How Proteins Clump Together Molecular mechanisms in the aggregation of proteins in membraneless organelles
What happens when cells are under prolonged stress? Proteins behave atypically, stop working, can clump together and ultimately damage the entire cell. Researchers at Technische Universität Braunschweig and the Université Paris have investigated which processes lead to this. The focus was on a protein that is associated with familial ALS. If the molecular processes can be better understood, it could be possible to work on novel therapeutic approaches for neurodegenerative diseases. The results of the research work have been published in the Journal of the American Chemical Society.
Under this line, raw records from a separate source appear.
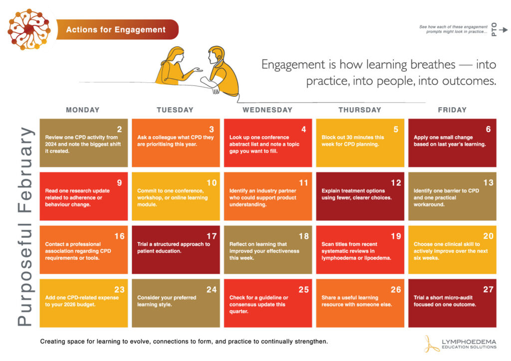 Our monthly Actions for Engagement calendars offer practical prompts to support reflection, connection, and thoughtful action in practice with a focus on improving care for people living with lymphoedema and chronic oedema.
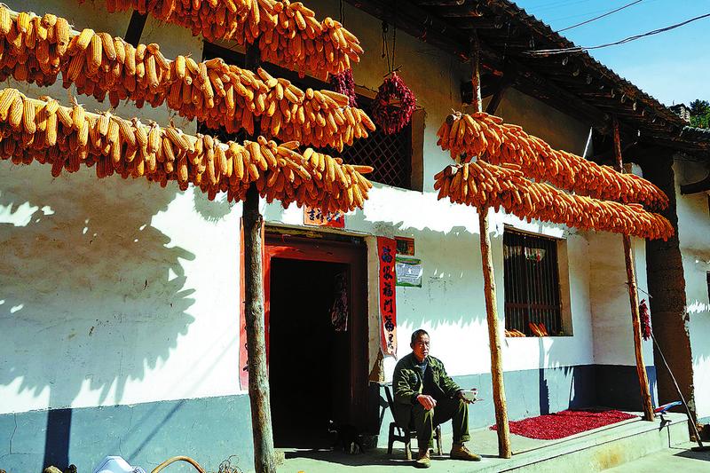 沿著通村路前行,農家的屋檐下架滿了金黃的苞谷穗、紅色的辣椒,農戶曬著太陽吃著早飯,開始了一天的生活。此時的山村正處在最美的時刻,一年的付出都在此時得到回報。
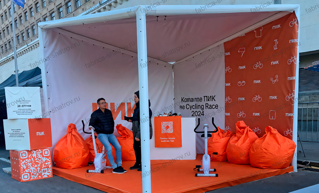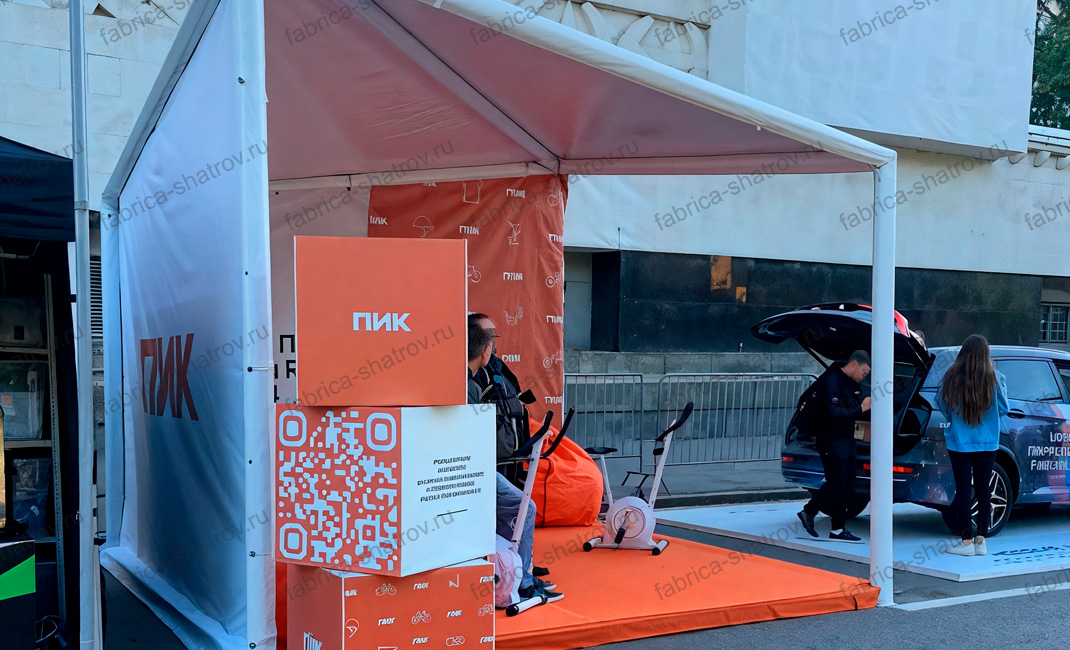 Каркас и полотно шатра Кайта может быть реализовано в белом или чёрном цвете. Возможно брендирование ПВХ-тента методом УФ-печати. Модульность Кайтов позволяет стыковать несколько изделий в разные геометрические формы создавая при этом оригинальное общественное пространство. Шатры Кайты хорошо подходят для организации зон отдыха или выставочного стенда на выездных мероприятиях.
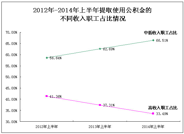 2012年-2014年上半年提取使用公积金的不同收入职工占比情况如下图:
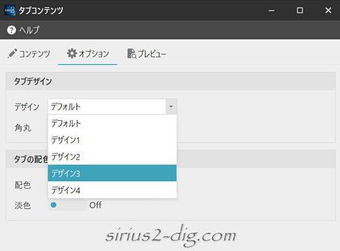 しかしながらタブコンテンツに関しては”デフォルト”=”デザイン1”ではないんですね。

Proteins are the most important molecular machines of the cell, involved in all vital cellular processes. For a long time, cells have been regarded as “bags full of proteins”, with the cell components being subdivided by membrane-bounded organelles. Examples of these membrane-bounded organelles are nuclei and mitochondria, the “power plants of the cell”. However, research in the last five years has increasingly shown that proteins within such “bags” can additionally organize themselves into membrane-less organelles (MLOs).
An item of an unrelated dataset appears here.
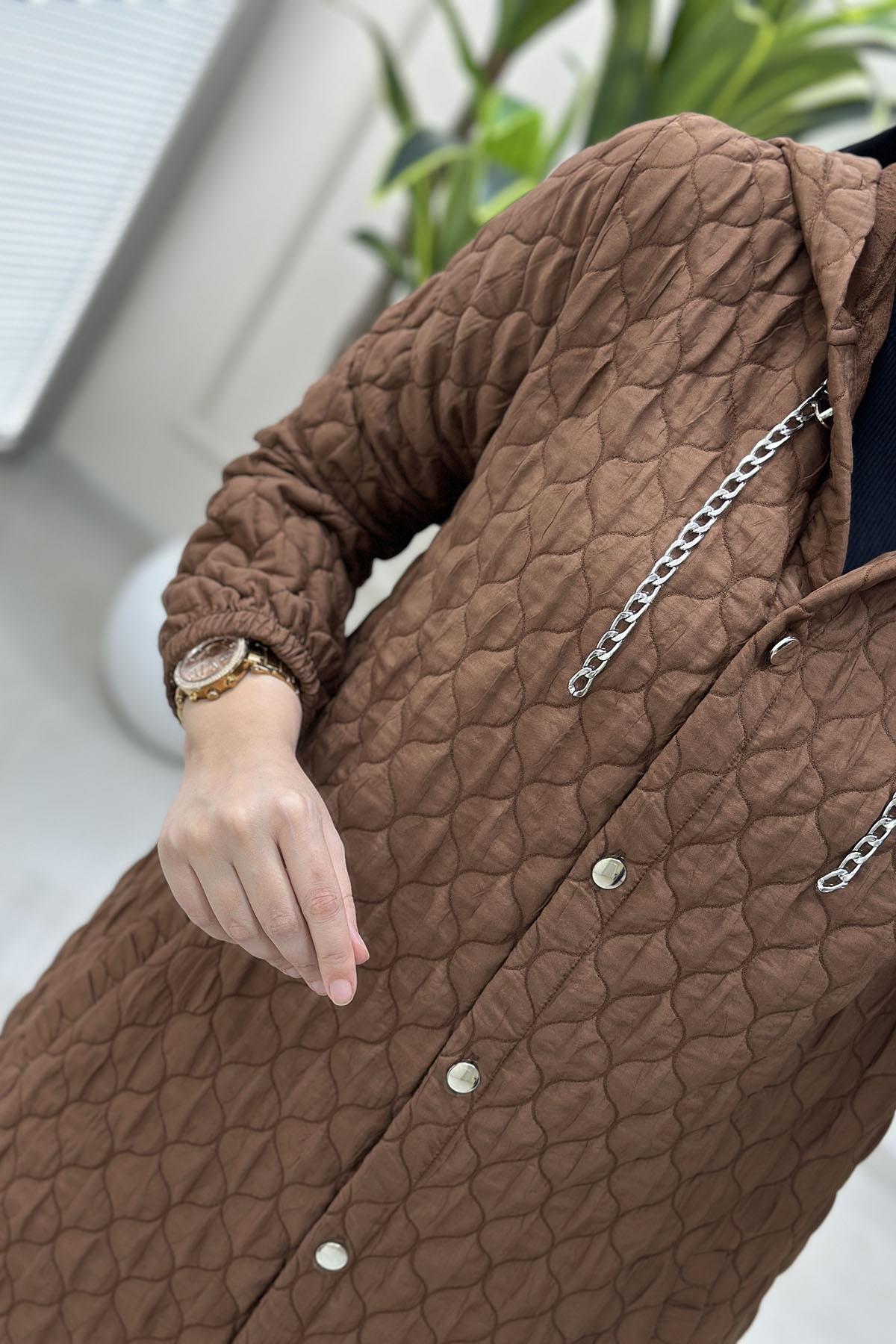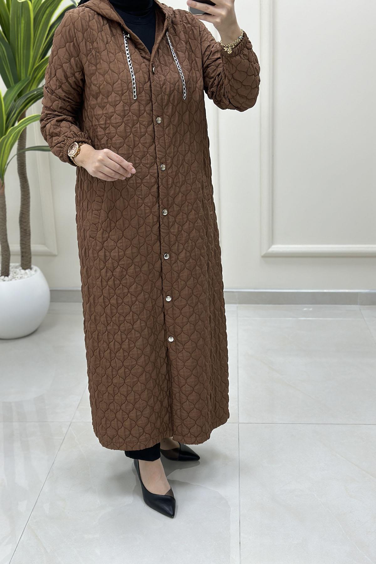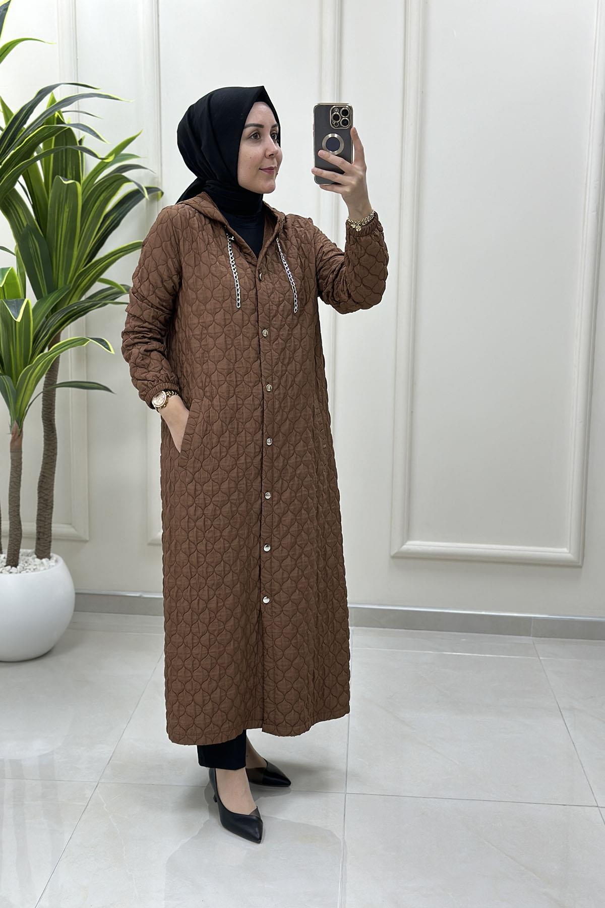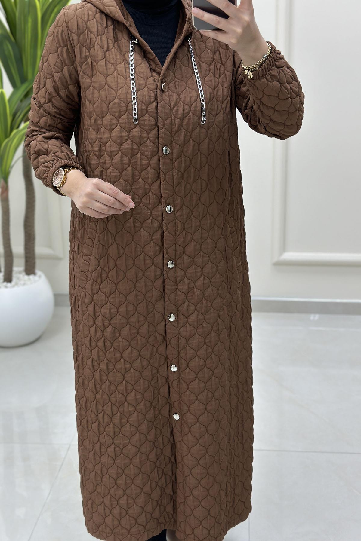 Önü Düğmeli Kolu Lastikli Uzun Kadın Kapitone Kap Taba KADO 257356 (KADO-26K257356)

The formation of these MLOs is based on liquid-liquid phase separation, i.e. it is comparable to the formation of oil droplets in water. This enables the cells to create different, separate chemical environments in which, for example, molecular processes can now take place very efficiently.
Some of these MLOs are formed to help the cell cope with stress. In this way, MLOs ensure that the functional form of the proteins is maintained, thus ensuring the survival of the cell. However, if the cell is exposed to severe stress over a long period of time, for example in the course of a disease, this mechanism may no longer function. Proteins clump together within the MLOs, can no longer perform their function or even damage the cell. These processes are associated with various neurodegenerative diseases such as amyotrophic lateral sclerosis (ALS), Alzheimer’s disease and Parkinson’s disease.
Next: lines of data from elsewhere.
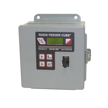 The FC-208 Feeder Cube® is a Single digital control based on the 90 Plus Series. It is housed in a NEMA-12 oil resistant enclosure. Input voltage is 240 VAC, 50/60 Hz. Output is fused for 8 amps.
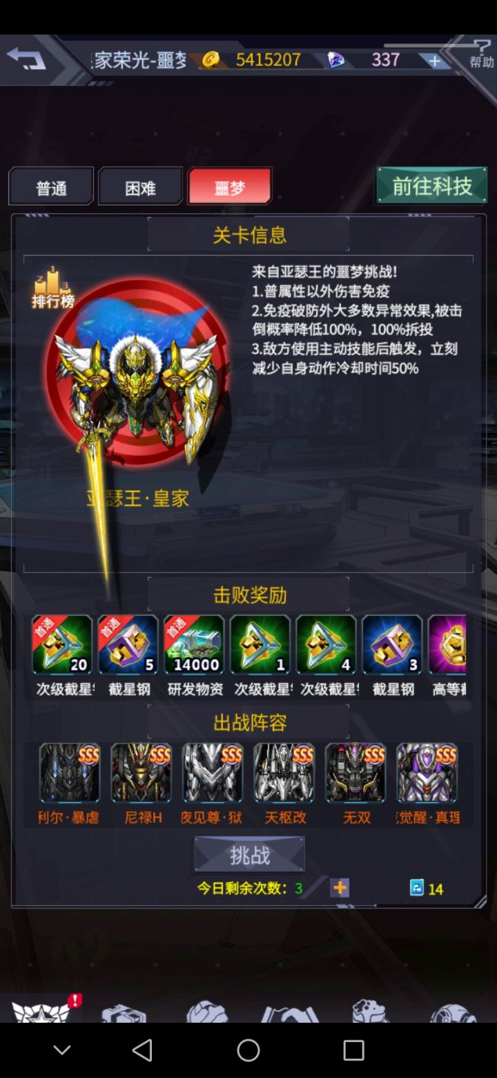 兄弟们我还差台白虎就可以9星了今天遇到了研究该不该研究啊主要是50个合金舍不得而且白虎好像不怎么地在犹豫要不要搞9星
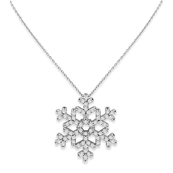 Winter is a beautiful and magical season, so capture the ephemeral beauty of a snowflake in this sweet and feminine diamond snowflake necklace. It sparkles with 66 twinkling and radiant .67 ct tw diamonds and unlike a real snowflake, it will never melt away. This beautiful necklace is shown here in 14 karat white gold.
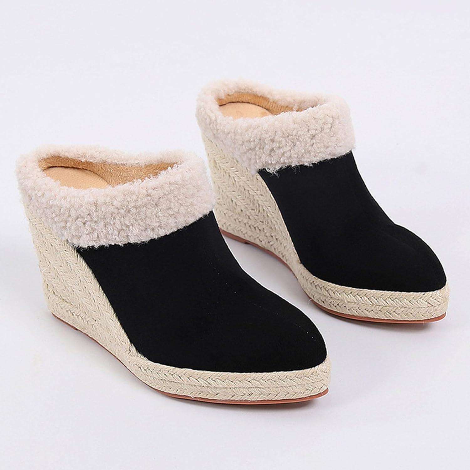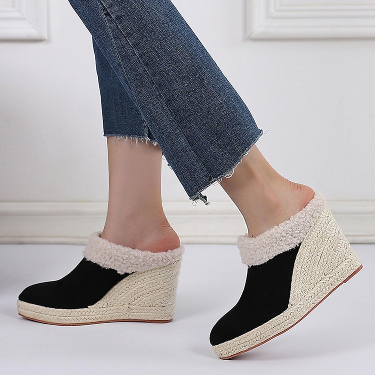 Perfect sturdy and edgy platform wedge heel design that can keep comfortable. Fashion furry espadreilles mule sandals ladies platform heel slides fall winter warm shoes which highlights your elegant,confidence,cute,beauty and sophisticated look.
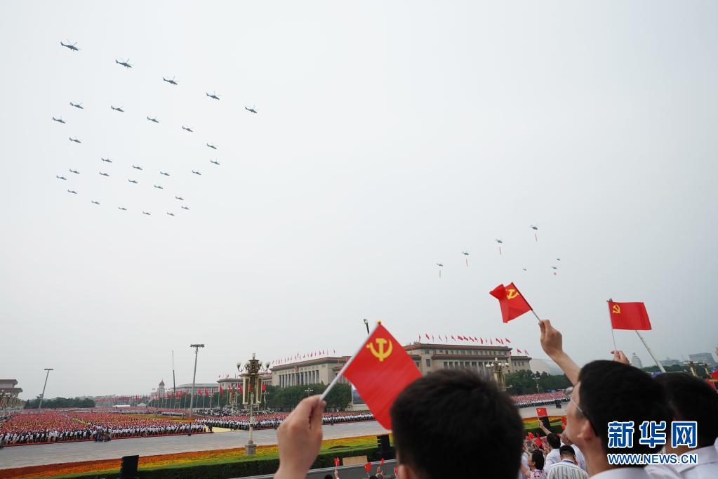 7月1日上午,慶祝中國共產黨成立100周年大會將在北京天安門廣場隆重舉行。這是飛行慶祝表演。新華社記者 鞠煥宗 攝
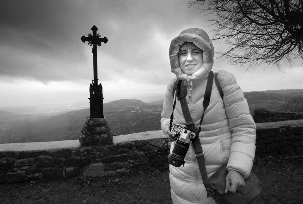 Ещё меня просили рассказать о фототехнике, которой я пользуюсь. Основная моя камера, которой я работала 2 года в экспедиции, была Leica CL особой комплектации, с объективом, который давал уникальные фотографии, снятые будто бы на плёнку. Отработала этой камерой я как с автомата Калашникова, хотелось уже натуральности без художественных эффектов, и Олег Викторович подарил мне новый фотоаппарат Zeiss ZX-1 – это лучшее, конечно, что я видела в своей жизни. По причине дождливой погоды, я не могла работать им всё время и переходила на водонепроницаемый Pentax K5, который тоже отработал идеально, но он не даёт тех цветов, что Zeiss. Кроме того, Олег Викторович любезно поделился со мной своей маленькой Leica C-lux с нефиксированым объективом, чтобы приближать объекты, гербы, символику. Ни один символ от меня не ушёл, я надеюсь. И вот эти три камеры – это была моя безупречная комбинация на экспедицию по северу Хорватии.
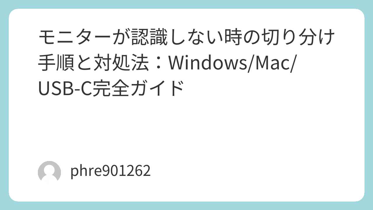 ここまでで直らなければ、原因はだいたい「ケーブル」「変換」「ハブ/ドック」か「OS設定/ドライバ」。
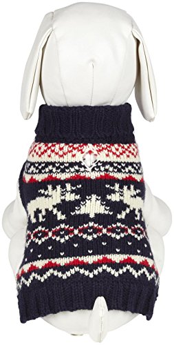 Fab Dog Knit Turtleneck Dog Sweater Moose Fairisle, Navy, 12" Length
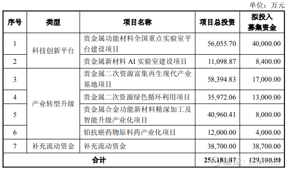 具体而言,本次募资投入最多的两大项目分别是贵金属功能材料全国重点实验室平台建设项目和补充流动资金,分别斥资4亿元和3.87亿元。
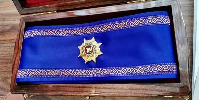 這就是授予習近平主席的勛章。“瑪納斯”勛章是吉爾吉斯斯坦國家最高獎章,由吉爾吉斯斯坦總統授予,分三個等級,一級為最高等級。新華社記者 丁林 攝

“The aim of our research is to understand the molecular mechanisms underlying the clumping of proteins in MLOs,” says Professor Simon Ebbinghaus from the Institute of Physical and Theoretical Chemistry at TU Braunschweig.
In the published research work, the protein superoxide dismutase 1 (SOD1) was investigated in particular. SOD1 is an enzyme that is associated with familial ALS. Various experiments and computer simulations were used to analyze the steps leading up to clumping. “We have shown that the initial clumping steps, the destabilization of individual SOD1 proteins, already play a crucial role. SOD1 proteins that have mutations associated with ALS accumulate thereby rapidly in MLOs. Through these novel findings, we hope to provide starting points for novel therapeutic strategies against serious neurodegenerative diseases. Our future research will continue in this direction,” says Professor Ebbinghaus.
The research work was carried out as part of the priority program “Molecular Mechanisms of Functional Phase Separation” (SPP 2191), funded by the German Research Foundation (DFG) with a total amount of 209,250 euros. The program started on February 6, 2019, and the funding ends on February 5, 2022.
In addition to Professor Simon Ebbinghaus, Dr. Nirnay Samanta (post-doc) and the doctoral students Sara Ribeiro, Mailin Becker and Roland Pollak were involved in the research work at TU Braunschweig. Also involved were Professor Dr. Fabio Sterpone and his doctoral student Emeline Laboire from the CNRS Laboratoire de Biochimie Théorique, Institut de Biologie Physico-Chimique at the Université Paris, as well as collaborator Dr. Stepan Timr, who now works at the Academy of Sciences of the Czech Republic.